> **Dataset extract**:
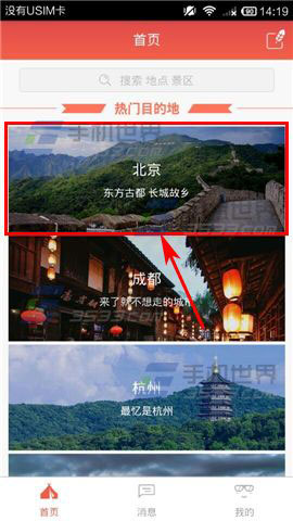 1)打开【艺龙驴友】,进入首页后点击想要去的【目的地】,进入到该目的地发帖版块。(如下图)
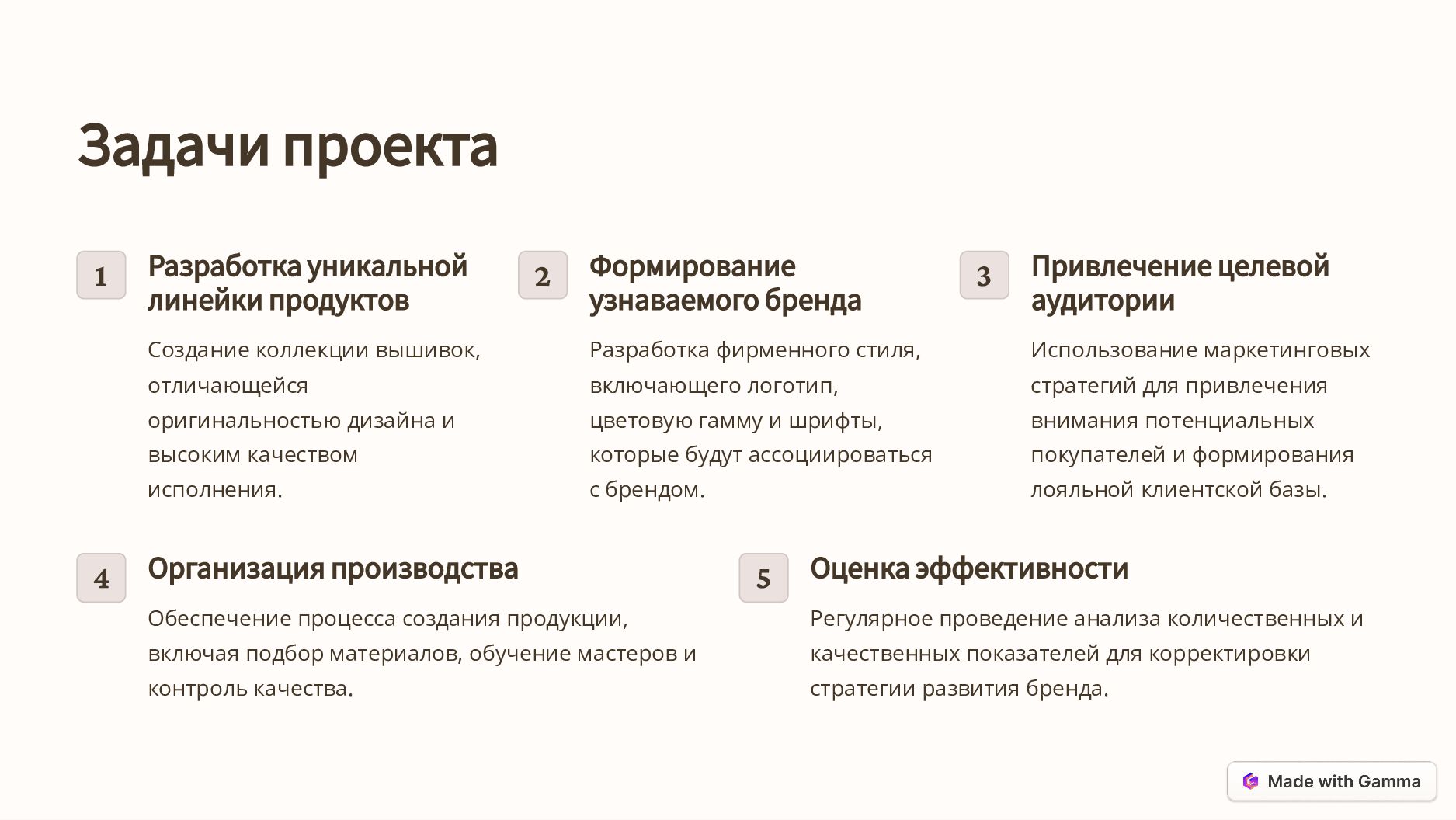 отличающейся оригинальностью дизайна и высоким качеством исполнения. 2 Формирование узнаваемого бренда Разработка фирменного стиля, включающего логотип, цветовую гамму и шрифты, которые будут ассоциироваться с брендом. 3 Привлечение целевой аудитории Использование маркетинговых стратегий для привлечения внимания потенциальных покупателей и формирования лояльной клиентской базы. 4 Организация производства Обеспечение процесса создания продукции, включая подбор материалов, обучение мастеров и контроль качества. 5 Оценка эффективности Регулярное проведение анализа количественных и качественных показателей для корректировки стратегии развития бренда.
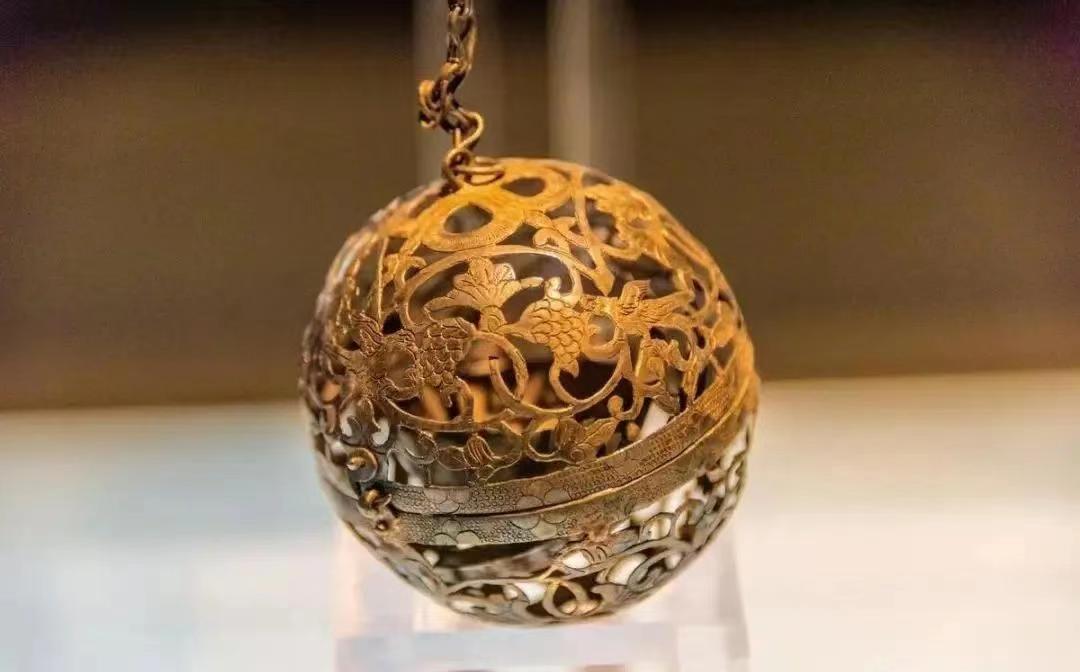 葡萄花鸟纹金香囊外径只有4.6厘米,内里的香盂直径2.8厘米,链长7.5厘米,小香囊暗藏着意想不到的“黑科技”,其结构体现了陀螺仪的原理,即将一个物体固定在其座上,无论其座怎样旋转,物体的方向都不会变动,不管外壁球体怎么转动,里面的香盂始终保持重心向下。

> **Exercise details**:
What is needed is the whole listing again, set down exactly, without its pictures.

> **Task output**:
 1)打开【艺龙驴友】,进入首页后点击想要去的【目的地】,进入到该目的地发帖版块。(如下图)
 отличающейся оригинальностью дизайна и высоким качеством исполнения. 2 Формирование узнаваемого бренда Разработка фирменного стиля, включающего логотип, цветовую гамму и шрифты, которые будут ассоциироваться с брендом. 3 Привлечение целевой аудитории Использование маркетинговых стратегий для привлечения внимания потенциальных покупателей и формирования лояльной клиентской базы. 4 Организация производства Обеспечение процесса создания продукции, включая подбор материалов, обучение мастеров и контроль качества. 5 Оценка эффективности Регулярное проведение анализа количественных и качественных показателей для корректировки стратегии развития бренда.
 葡萄花鸟纹金香囊外径只有4.6厘米,内里的香盂直径2.8厘米,链长7.5厘米,小香囊暗藏着意想不到的“黑科技”,其结构体现了陀螺仪的原理,即将一个物体固定在其座上,无论其座怎样旋转,物体的方向都不会变动,不管外壁球体怎么转动,里面的香盂始终保持重心向下。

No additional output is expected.